Association of TME with different clinical features (%).

These results illustrate the potential for ML to be used in a predictive setting. Additionally, we repeated the ML analyses using the original data without any augmentation to compare with our proposed augmentation approach. Overall, the performance of these models on the original data without any augmentation was lower:

Comparison of model performance on original data versus original + augmented data.

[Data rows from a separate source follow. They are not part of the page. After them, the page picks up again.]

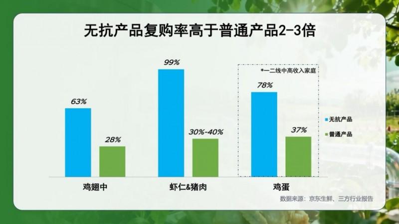 陈女士的选择并非特例京东生鲜数据显示:无抗产品的复购率普遍高于普通产品的2-3倍,超过51%的妈妈群体已将“无抗生素残留”作为选购食品的第一标准。随着“吃得健康”的需求不断攀升,无抗鸡肉正在从一个小众选项,迅速成长为消费者心中的新标准。“餐桌新标配”。
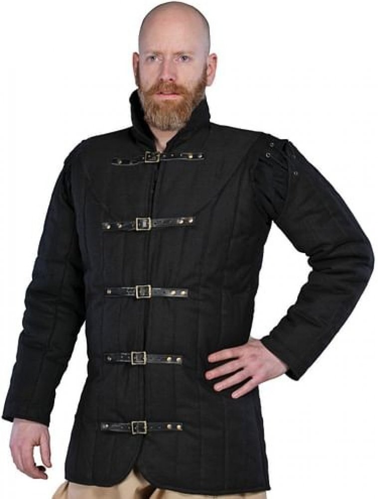 Gambeson nebo též krzno či prošívanice je kabátec zhotovený z prošívané látky, byl nošen ve středověku pod zbrojí, ať kroužkovou či plátovou. Námi nabízený gambeson je černé barvy, má odnimatelné rukávy a zapíná se přezkami (kožený řemínek se sponou). Je dostatečně hrubý - hustota materiálu je 400 gramů na metr čtvereční (ramena mají 600g / m2). Může být užit jak pod zbroj, tak samostatně, jako po...
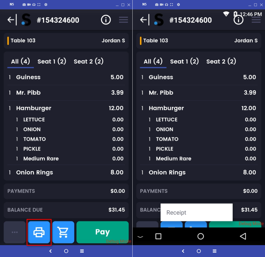 The next option next to the three dots in the lower left-hand corner, is the blue printer button. This allows you to print out the itemized receipt, or once there is a payment, you can reprint, email, or text the payment receipt.
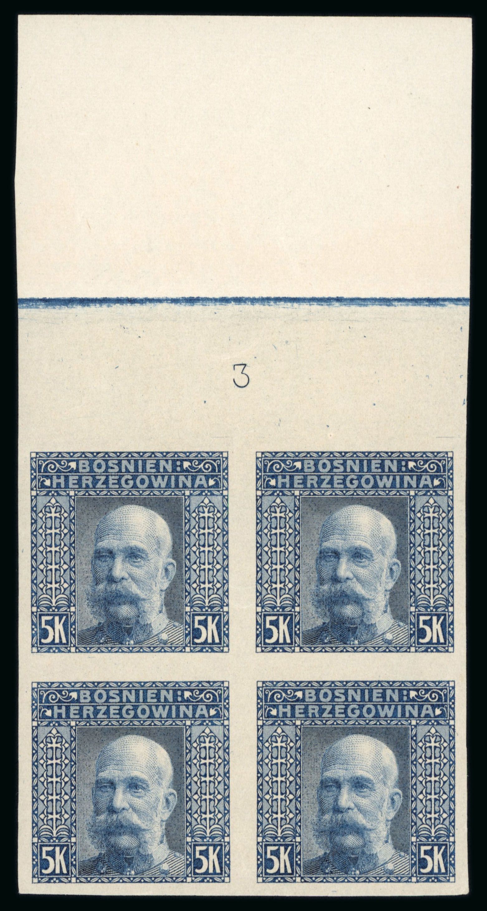 1906, Landschaftsbilder, 5 Oberrandviererblöcke und 2 Oberrandpaare der Kronenwerte mit PLATTENNUMMERN, insgesamt 7 dekorative Einheiten, meist postfrisch, ANK 42-44. (Image 1)
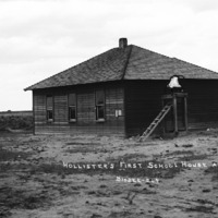 - "Hollister's First School House and Church;" a one-story wooden frame building. A bell on a platform is at the rear, with a ladder leading to the top. A smaller outbuilding is on left.
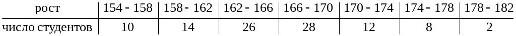 4. Ниже приведены результаты измерения роста (в см ) случайно отобранных 100 студентов:
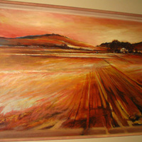 - Landscape painting of wheat field and a grove of dark blue trees and a white house.
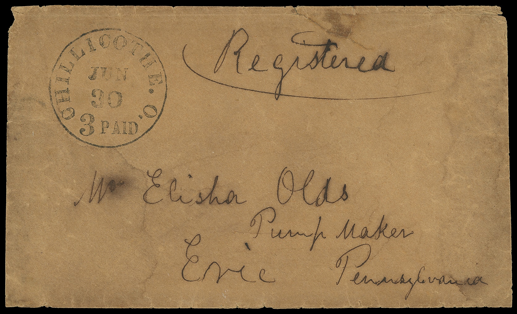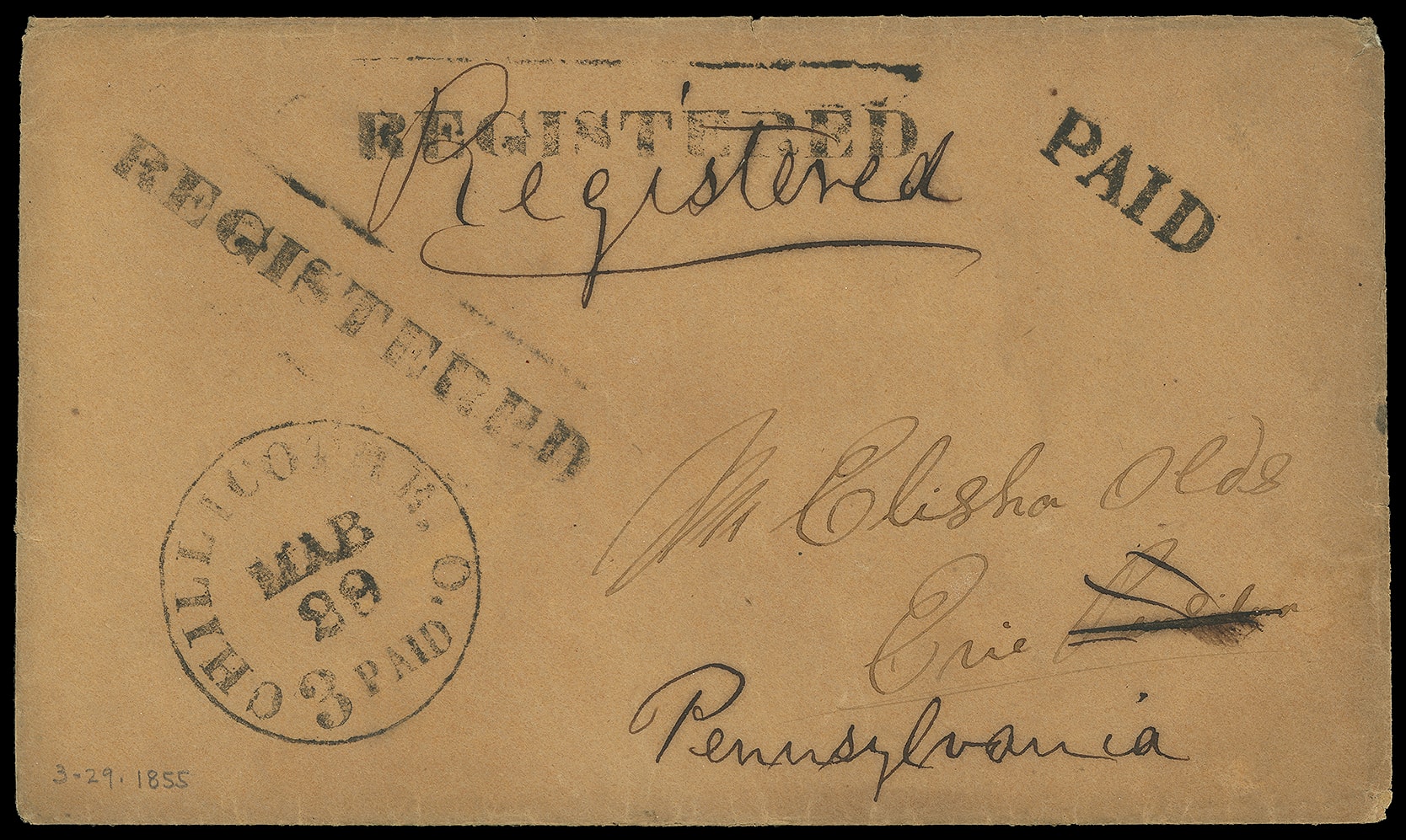 348     R-unlisted imageColumbus, Ohio "Registered". Two 4½ x 56mm transit straightline strikes on buff cover with "Chillicothe, O. '3 Paid' Mar 29" integral-rate cds and matching "Paid" handstamp with ms. "Registered" to Erie Pa.; accompanied by second use without straightline, circa 1855 "Chillicothe, O. '3 Paid' Jun 30" integral-rate cds with ms. "Registered" from same correspondence to Erie Pa., which is the last day of the unofficial registration period; some edge wear, light aging, F.-V.F. and interesting registered exhibit pair.
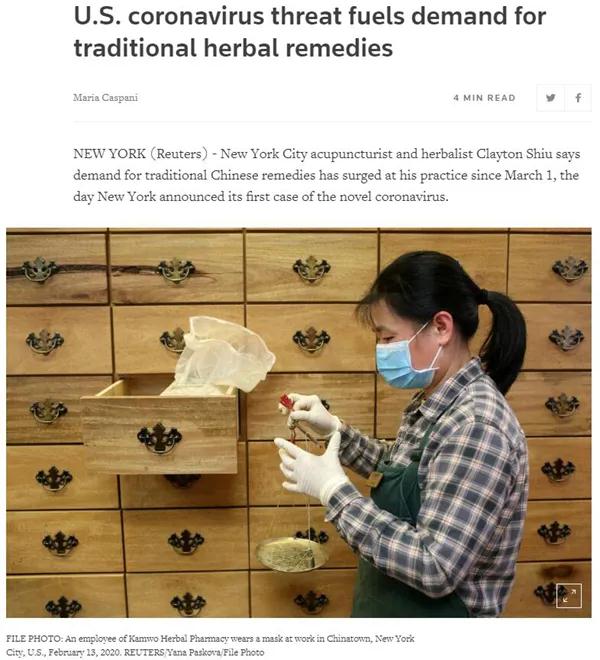 纽约市针灸师、草药医师克莱顿·邵长期从这家药房进货。他告诉路透社记者,自确诊首例新冠病毒感染者以来,纽约市对传统中医药的需求大增。
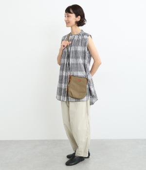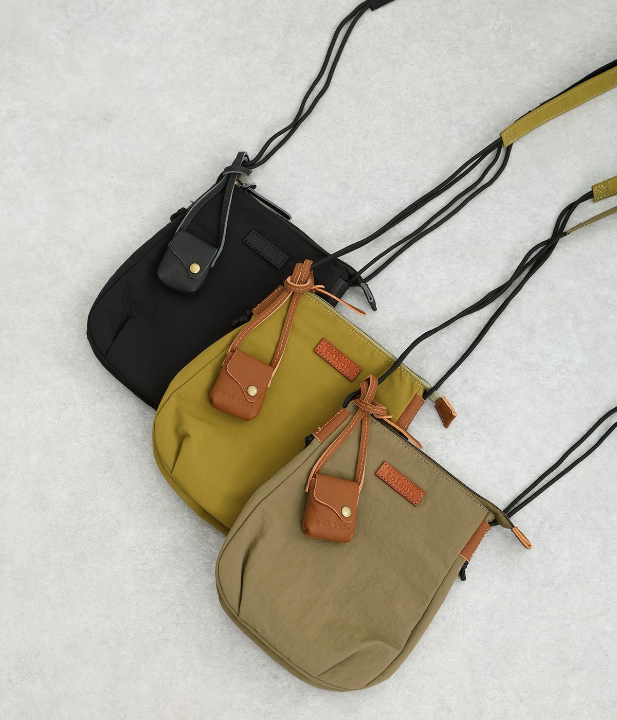 お出かけのお供にぴったりな縦型シルエットのミニサコッシュです。一般的な長財布やスマートフォンをすっきりと収納できるサイズ感。単独ではもちろん、リュックやトートバッグとの併用も◎。

For instance, the accuracy when estimating smoker status, LN, and NACT were 56.7±5.4%, 46.5±6.7%, and 54.4±4.5 respectively. For these labels, we could see that augmentation improved the model performance in a statistically significant way (p<0.001). For the other labels where performance was not improved significantly, we observed that standard deviation was much higher when the model was run without the augmented data. This indicates that without the augmented data, the model is more sensitive to the distribution of data within folds. Thus, our proposed augmentation seems to positively affects the training of the ML classifiers. Overall, our results show promise for sector elimination augmentation to be further researched and eventually applied in larger clinical studies.

Summary

We’ve introduced a robust ML pipeline for the analysis of high-throughput IMC data - a powerful imaging technology that can provide an in-depth profile of numerous cell types. We’ve validated the use of this pipeline through cystectomy tissues from a pilot cohort of MIBC patients. We utilized the proposed pipeline to demonstrate how the TME may be associated with different clinical parameters, which can be considered as an important basis for further clinical investigations. We also introduced a novel method for augmenting IMC data at the cell level, which is essential for any type of AI-related study considering the limitation in clinical data collection. The performance of ML classifiers when using our augmented data compared to only the original data is significantly higher, which further emphasizes the importance of our proposed augmentation method and the value of developing it further. With a more robust data set, this pipeline has the potential to be used for clinical outcome prediction and biomarker identification. In the future, we hope to delve deeper into the analysis of rich IMC data with larger subsets of patients. This work only scratches the surface of what is possible with Hyperion^TM, but it is a promising start. The large amount of data generated by Hyperion^TM is ideal for deep learning analyses, specifically, and is an exciting application for further studies with this MIBC data.